In Burt’s older ranch-style housing stock, infestations that have been present for several months often require more than one treatment because bed bug eggs are resistant to most chemical applications. The eggs hatch after the first treatment, and a follow-up is needed to address the newly hatched nymphs before they reach reproductive maturity. We build that timeline into the plan from the start, so you’re not surprised by a second visit — you’re expecting it as part of a process that actually works. After our K-9 detection confirms the scope of the infestation, we’ll give you a realistic treatment timeline before anything starts.
Yes. We offer discounts for seniors, veterans, and first responders. Given that the 48417 ZIP code has a notably large senior population relative to its size, this comes up often — and it’s a real discount, not a footnote.

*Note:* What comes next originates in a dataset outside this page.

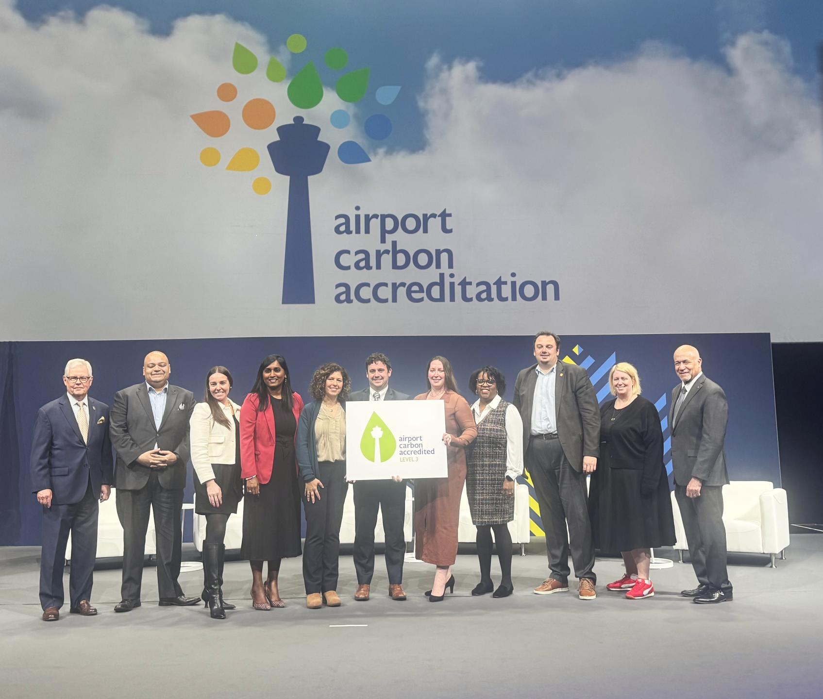 PNE was recognized for its Level 3 ACA achievement at ACI-NA and ACI World General Assembly in Toronto on October 29. Department of Aviation CEO Atif Saeed, Chief Development Officer Api Appulingam and Sustainability Manager Jessica Noon were among the airport team on hand to accept the honor.
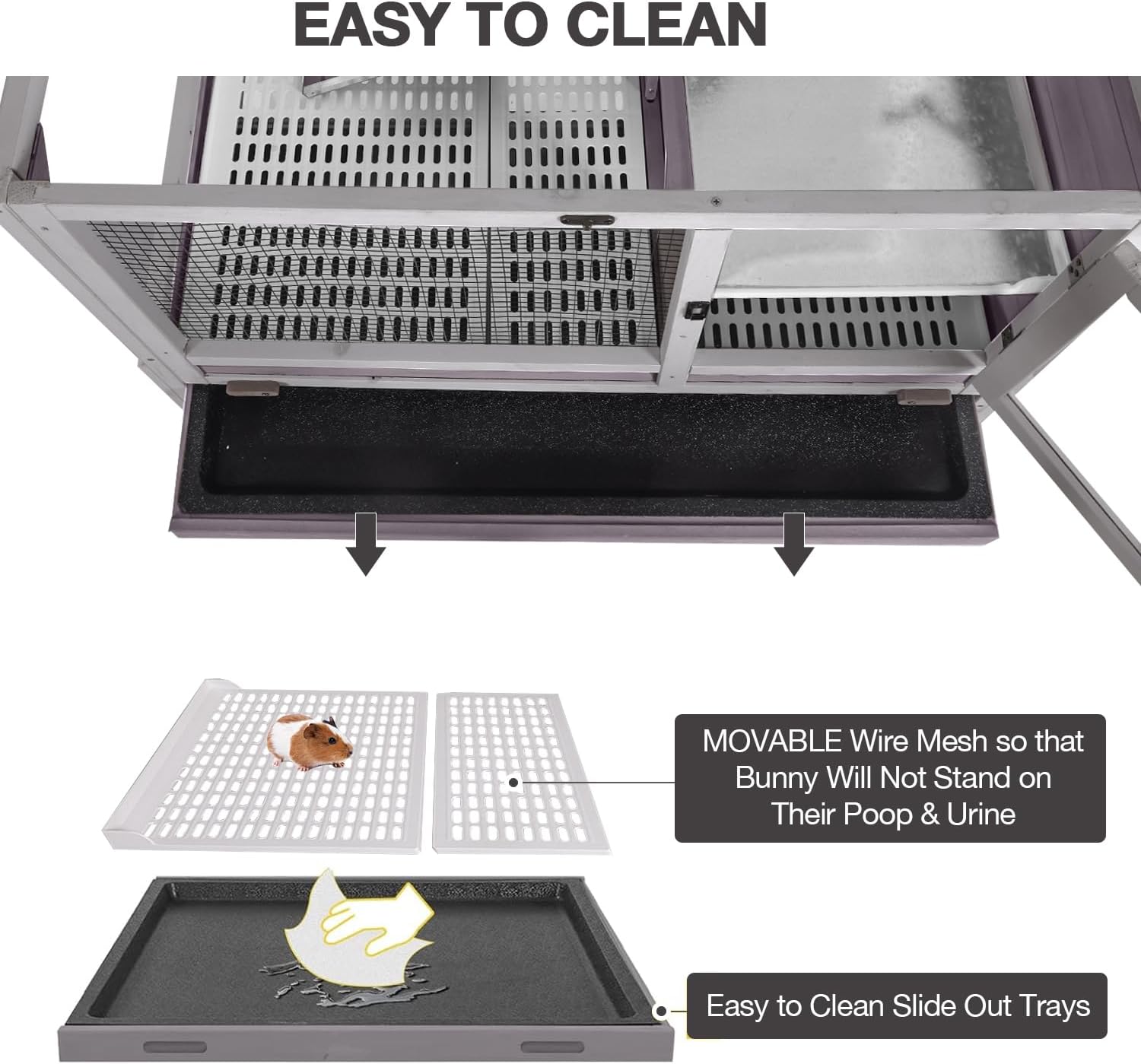 - EASY CLEAN WITH BOTTOM TRAY Our rabbit cage is equipped with a detachable leak-proof tray that can be easily pulled out to clean feces or bedding. There is a metal mesh to prevent rabbits from stepping on excrement. It is equipped with two wooden locks at the same time to prevent the pallet from sliding.Give your furry friend a clean and comfortable home

For seniors in Burt, the discount addresses something practical: pest control is an unplanned expense, and for someone on a fixed income, the cost can feel like a barrier to getting help quickly. Waiting on a bed bug infestation because of cost concerns almost always makes the situation more expensive in the long run — a small infestation treated early is significantly less involved than one that’s had months to spread through a home. If you’re a senior homeowner in Taymouth Township, call us and ask about the discount before you book. We’d rather you know upfront than find out after.
Yes. We hold active licensing through the Michigan Department of Agriculture and Rural Development — MDARD — which is the state body that regulates pesticide applicator certification. This isn’t optional. Any company legally applying pest control treatments in Michigan is required to carry this credential, and you should confirm it with any provider you’re considering, not just us.
Beyond the baseline licensing, our technicians carry Integrated Pest Management training — a methodology recognized by the EPA and the National Pest Management Association as the science-based standard for bed bug control. IPM isn’t just about what product gets applied. It’s about minimizing unnecessary chemical exposure while maximizing treatment effectiveness. For Burt homeowners with gardens, well water, or agricultural land nearby — which describes a lot of properties in Taymouth Township — that distinction matters. You want to know the person treating your home understands what they’re using and why.